In the data below, begin at the line with "Грунт-эмаль по ржавчине" and stop after the line with "私たち、高江洲小学校マーチン"; output those lines exactly and no pictures.

*** Opening Data for processing ***

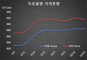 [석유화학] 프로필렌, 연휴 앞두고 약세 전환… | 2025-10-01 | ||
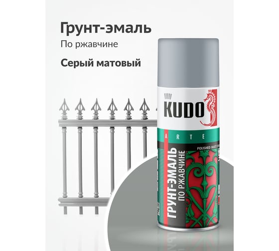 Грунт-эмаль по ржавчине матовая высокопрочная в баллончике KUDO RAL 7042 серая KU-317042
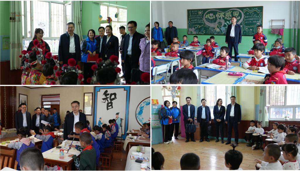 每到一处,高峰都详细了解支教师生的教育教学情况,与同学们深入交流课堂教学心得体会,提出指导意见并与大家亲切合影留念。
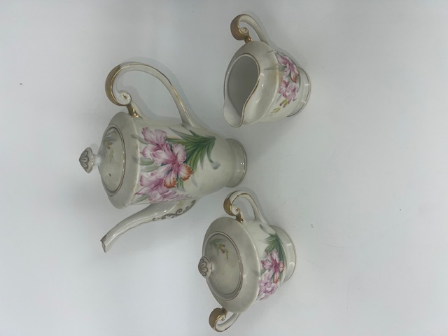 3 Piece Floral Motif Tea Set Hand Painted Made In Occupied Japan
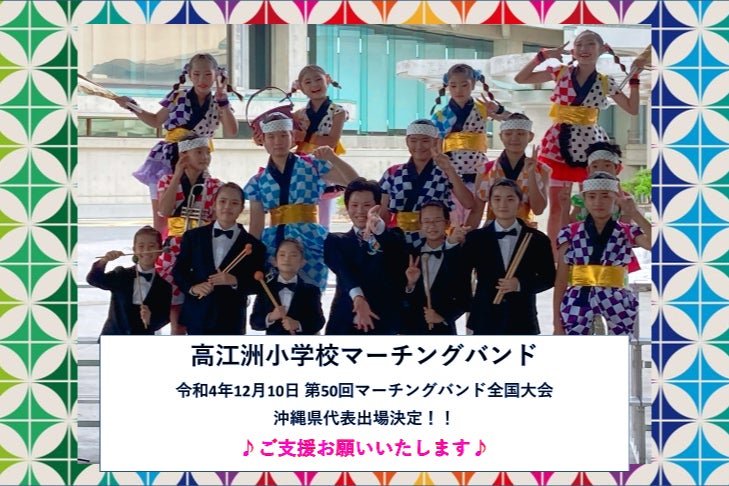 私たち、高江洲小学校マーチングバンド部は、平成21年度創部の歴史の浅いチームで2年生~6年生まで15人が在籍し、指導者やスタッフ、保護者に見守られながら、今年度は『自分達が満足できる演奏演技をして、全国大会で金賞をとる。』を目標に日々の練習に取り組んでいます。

*** Closing Data for processing ***
*** Opening Data for processing ***

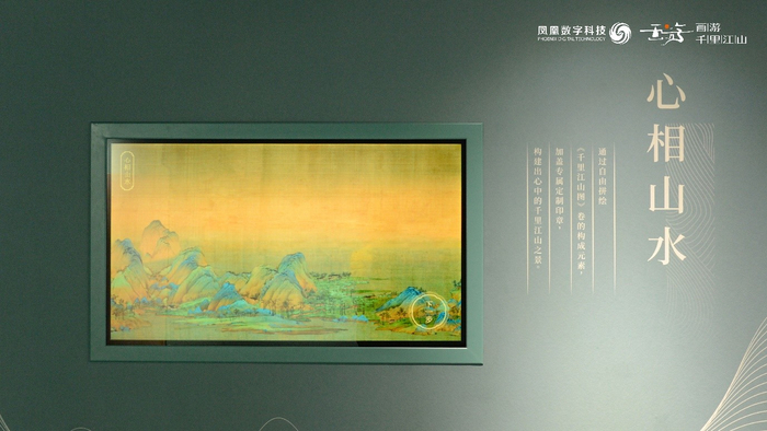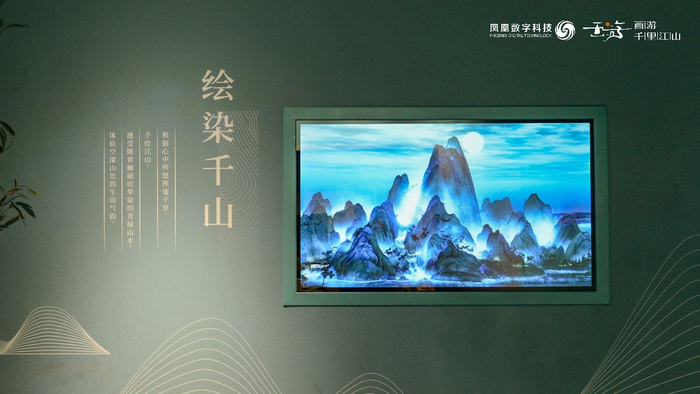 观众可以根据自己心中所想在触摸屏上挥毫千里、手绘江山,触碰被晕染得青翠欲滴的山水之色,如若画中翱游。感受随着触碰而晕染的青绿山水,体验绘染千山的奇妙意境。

*** Closing Data for processing ***
*** Opening Data for processing ***

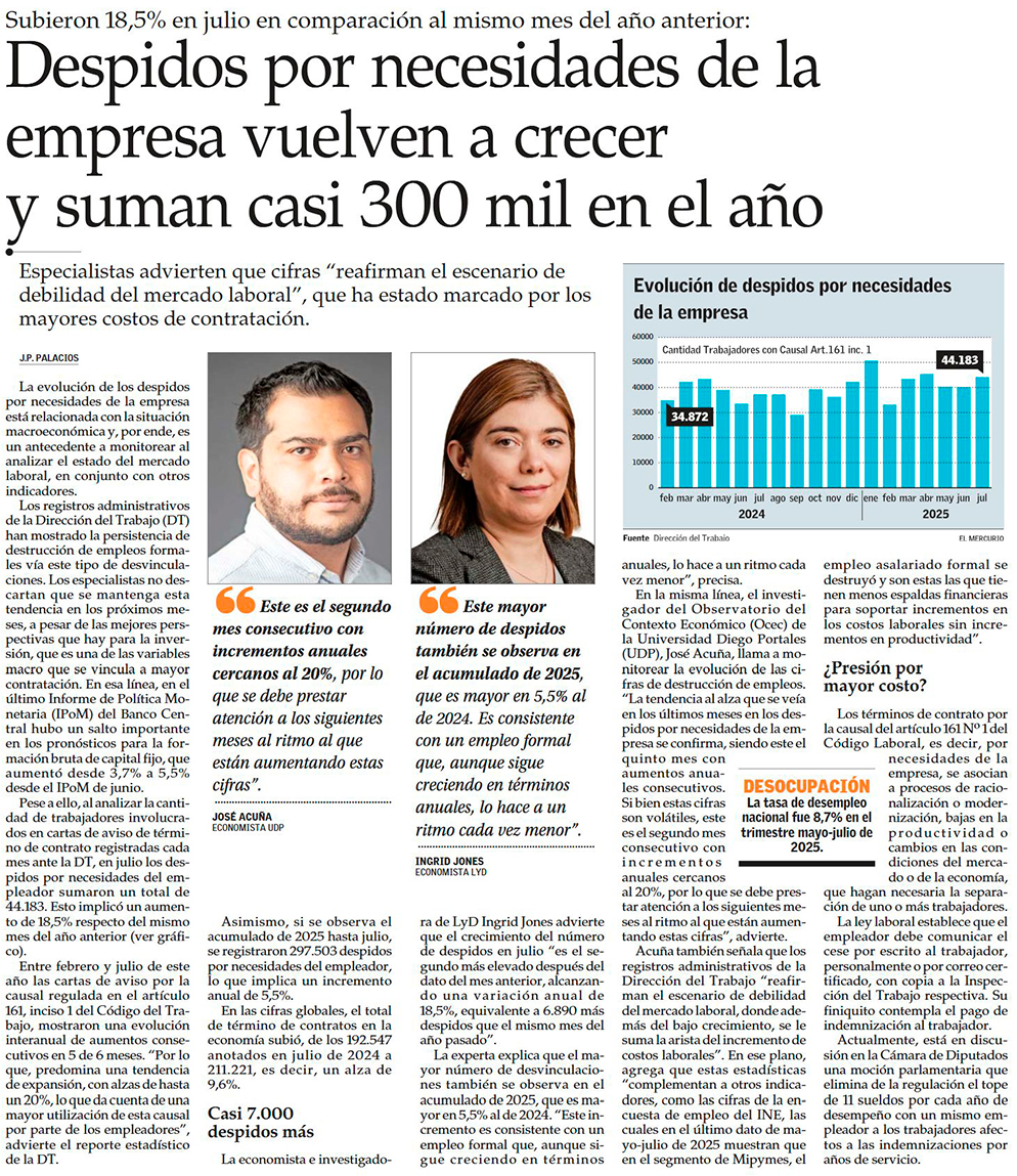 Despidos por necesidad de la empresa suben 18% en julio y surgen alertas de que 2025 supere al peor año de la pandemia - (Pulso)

*** Closing Data for processing ***

* [Answer to this exercise]
 Грунт-эмаль по ржавчине матовая высокопрочная в баллончике KUDO RAL 7042 серая KU-317042
 每到一处,高峰都详细了解支教师生的教育教学情况,与同学们深入交流课堂教学心得体会,提出指导意见并与大家亲切合影留念。
 3 Piece Floral Motif Tea Set Hand Painted Made In Occupied Japan
 私たち、高江洲小学校マーチングバンド部は、平成21年度創部の歴史の浅いチームで2年生~6年生まで15人が在籍し、指導者やスタッフ、保護者に見守られながら、今年度は『自分達が満足できる演奏演技をして、全国大会で金賞をとる。』を目標に日々の練習に取り組んでいます。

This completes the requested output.